Your goal: Produce word for word the lines of the data below running from the one that has "Bracelet Force 10" to the one that has "Intramolluscan development of", inclusive, and no others.

The input:
_ _ _ _ _ _ _
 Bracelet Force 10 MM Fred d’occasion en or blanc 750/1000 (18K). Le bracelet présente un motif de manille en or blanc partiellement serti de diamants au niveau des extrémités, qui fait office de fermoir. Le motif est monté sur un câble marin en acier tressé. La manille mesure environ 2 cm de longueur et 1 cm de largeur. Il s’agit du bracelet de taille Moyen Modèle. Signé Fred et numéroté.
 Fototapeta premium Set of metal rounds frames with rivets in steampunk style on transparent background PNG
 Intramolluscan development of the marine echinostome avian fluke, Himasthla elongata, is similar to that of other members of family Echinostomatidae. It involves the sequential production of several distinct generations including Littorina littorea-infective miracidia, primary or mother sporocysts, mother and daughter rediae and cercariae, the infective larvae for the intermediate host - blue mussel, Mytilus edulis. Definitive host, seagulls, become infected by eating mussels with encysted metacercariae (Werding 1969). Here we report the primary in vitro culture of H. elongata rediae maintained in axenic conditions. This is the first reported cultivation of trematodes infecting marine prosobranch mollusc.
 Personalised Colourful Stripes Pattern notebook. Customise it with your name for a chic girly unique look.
_ _ _ _ _ _ _
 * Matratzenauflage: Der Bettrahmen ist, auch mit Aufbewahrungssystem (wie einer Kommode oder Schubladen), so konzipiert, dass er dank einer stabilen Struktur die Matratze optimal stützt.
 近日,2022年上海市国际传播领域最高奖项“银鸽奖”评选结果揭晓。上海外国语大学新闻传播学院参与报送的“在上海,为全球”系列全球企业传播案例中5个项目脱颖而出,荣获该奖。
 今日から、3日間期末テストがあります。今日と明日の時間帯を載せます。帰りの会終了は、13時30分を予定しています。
_ _ _ _ _ _ _
Solution for this task:
 Bracelet Force 10 MM Fred d’occasion en or blanc 750/1000 (18K). Le bracelet présente un motif de manille en or blanc partiellement serti de diamants au niveau des extrémités, qui fait office de fermoir. Le motif est monté sur un câble marin en acier tressé. La manille mesure environ 2 cm de longueur et 1 cm de largeur. Il s’agit du bracelet de taille Moyen Modèle. Signé Fred et numéroté.
 Fototapeta premium Set of metal rounds frames with rivets in steampunk style on transparent background PNG
 Intramolluscan development of the marine echinostome avian fluke, Himasthla elongata, is similar to that of other members of family Echinostomatidae. It involves the sequential production of several distinct generations including Littorina littorea-infective miracidia, primary or mother sporocysts, mother and daughter rediae and cercariae, the infective larvae for the intermediate host - blue mussel, Mytilus edulis. Definitive host, seagulls, become infected by eating mussels with encysted metacercariae (Werding 1969). Here we report the primary in vitro culture of H. elongata rediae maintained in axenic conditions. This is the first reported cultivation of trematodes infecting marine prosobranch mollusc.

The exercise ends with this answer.